Christmas without Anglicans?

From the  Winter Issue, 2012 of  The Anglican Digest

One of the things I like most about the Christmas season is the music. It only occurred to me recently that so many of the Christmas carols came to us from Anglicans. Even our popular image of jolly old St. Nick was shaped by a professor of biblical studies at (of all places) an Episcopal seminary.

"Twas    the    Night    Before Christmas" is a poem published anonymously in 1823 and gener­ally attributed to Clement Clarke Moore, a  professor of classics at Columbia and lay Professor of  Hebrew and Bible at the General Theological Seminary, in New York (built on land he donated). The poem, which has been called "arguably the best-known verses ever written by an American,” is largely responsible for the con­ception of Santa Claus from the mid-nineteenth century to today.

 

And what about the carols? The text of the popular "O little Town of Bethlehem" was written by Phillips Brooks, an Episcopal priest, long-time Rector of Trinity Church in Boston, and later Bishop of Massachusetts. He was inspired by visiting Bethlehem in 1865. At Christ­mas, 1868, he asked his organist, Lewis Redner, to write music for the poem he had written.’ Redner’s tune, titled "St. Louis," is the one most often used.

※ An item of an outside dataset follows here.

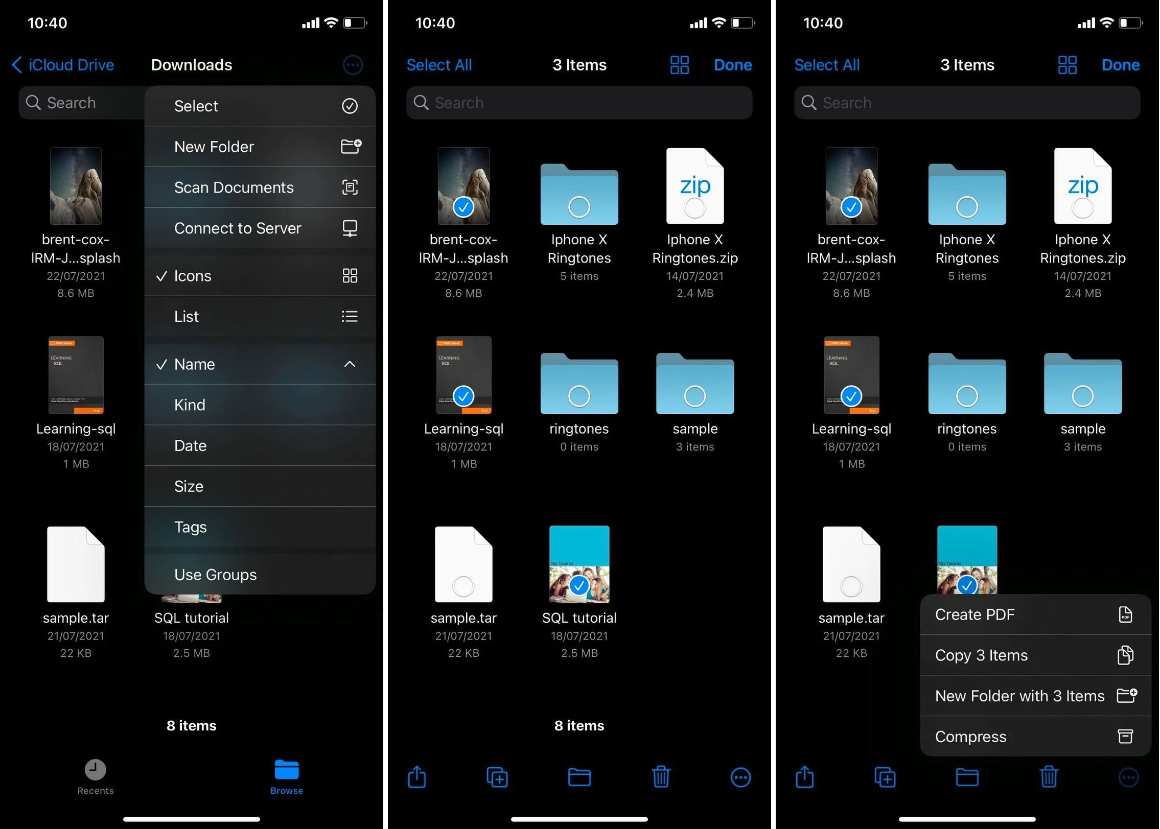 برای تبدیل کردن فایلهای مختلف به یک فایل زیپ در آیفون یا آیپد میتوانید از اپلیکیشن Files استفاده کنید. برای اینکار مراحل زیر را به ترتیب دنبال کنید:

John Mason Neale, an Anglican priest, scholar, and hymn-writer, translated many ancient hymns, including the Christmas classic "Of the Father’s love begotten." He was also  responsible  for much of the translation of the  Advent hymn "O come, O come,  Emmanuel," based on the "Great  O  Antiphons"   for   the  week preceding  Christmas.   Neale’s  most   enduring   and   widely known legacy is probably his own original Christmas contributions,  most notably  "Good Christian men, rejoice" and his Boxing Day carol, "Good King Wenceslas."

 

The  Anglican  priest  Charles Wesley penned the classic "Hark! The herald angels sing."  The original words were reworked by his friend and fellow priest a George Whitfield into the verses familiar to us today. The "Father of English   Hymnody"   Isaac Watts , a nonconformist minister in the Church of England, wrote the famous carol "Joy to the world!" Anglican bishop Christopher Wordsworth penned the famous carol, "Sing, O sing, this blessed morn."

Christina Rossetti was an Eng­lish poet and a devout Anglo-Catholic. Two of her poems, "In the bleak midwinter" and "Love came down at Christmas," became popular Christmas car­ols. Cecil Alexander, wife of a bishop in the Church of England, wrote the hymn "Once in Royal David’s city." Nahum Tate, the son of a priest and England‘s poet laureate, wrote the hymn "While shepherds watched their flocks by night." At the age of twenty-nine, English writer and Anglican layman William Chatterton Dix was struck with a sudden near-fatal illness and confined to bed rest for several months. While his illness result­ed in a deep depression, out of his traumatic experience, he wrote the lovely carol "What Child is this?"

 

What would Christmas be like without Anglicans?